We can examine the structure and levels of our factor.

# Check the levels
levels(species_factor)

# Check if it's a factor
is.factor(species_factor)

# See the underlying structure
str(species_factor)

Notice that factors store data as integers internally, with labels for each level.

Step 3: Control factor level order

Often we want to specify the order of factor levels ourselves.

# Create factor with custom level order
species_ordered <- factor(species_char, 
                         levels = c("Gentoo", "Adelie", "Chinstrap"))
species_ordered

# Compare levels
levels(species_ordered)

Now the levels follow our specified order rather than alphabetical order.

Example 2: Working with Real Data

The Problem

We’re analyzing penguin data and need to convert species names to factors, reorder them by size, and handle any potential missing values for proper statistical analysis.

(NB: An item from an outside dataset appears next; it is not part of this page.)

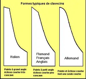 Les descriptions ci-dessous s'appliquent, avec de nombreuses variantes, aux clavecins historiques fabriqués au cours des XVIIe et XVIIIe siècles ainsi qu'aux instruments contemporains dont la facture s'en inspire. Les clavecins dits « modernes », fabriqués au début et pendant la première partie du XXe siècle peuvent avoir des caractéristiques assez différentes[3].

Step 1: Examine the original data

Let’s look at the species column in the penguins dataset.

# Check the species column
penguins |> 
  select(species) |> 
  head(10)

# Check if it's already a factor
class(penguins$species)

The species column is already a factor, but let’s see how we might modify it.

Step 2: Reorder factor levels by meaningful criteria

We’ll reorder species by their average body mass for more intuitive plotting.

# Calculate average body mass by species
avg_mass <- penguins |> 
  group_by(species) |> 
  summarise(avg_mass = mean(body_mass_g, na.rm = TRUE)) |> 
  arrange(avg_mass)

print(avg_mass)

This shows us the order from smallest to largest average body mass.

Step 3: Apply the new factor ordering

Now we’ll reorder the factor levels based on body mass.

# Reorder species factor by average mass
penguins_ordered <- penguins |> 
  mutate(species = factor(species, 
                         levels = c("Adelie", "Chinstrap", "Gentoo")))

# Verify the new level order
levels(penguins_ordered$species)

The species are now ordered from smallest to largest average body mass.

Step 4: Create a meaningful visualization

The reordered factor will make our plots more intuitive to read.

# Create a plot using the reordered factor
penguins_ordered |> 
  ggplot(aes(x = species, y = body_mass_g)) +
  geom_boxplot() +
  labs(
    title = "Penguin Body Mass by Species",
    x = "Species (ordered by average mass)",
    y = "Body Mass (g)"
  ) +
  theme_minimal()

Boxplot of penguin body mass by species with factor levels ordered from lightest to heaviest in R

The plot now shows species in order from lightest to heaviest, making comparisons easier.

Summary

Basic factors: Use factor() to convert character vectors into categorical variables that R can properly analyze • Level control: Specify custom level orders with the levels argument to make your data more meaningful • Data preparation: Convert character columns to factors before statistical modeling and visualization • Reordering strategy: Order factor levels by meaningful criteria (like size, frequency, or logical sequence) rather than alphabetical order • Visualization impact: Properly ordered factors create more intuitive and readable plots and summary tables —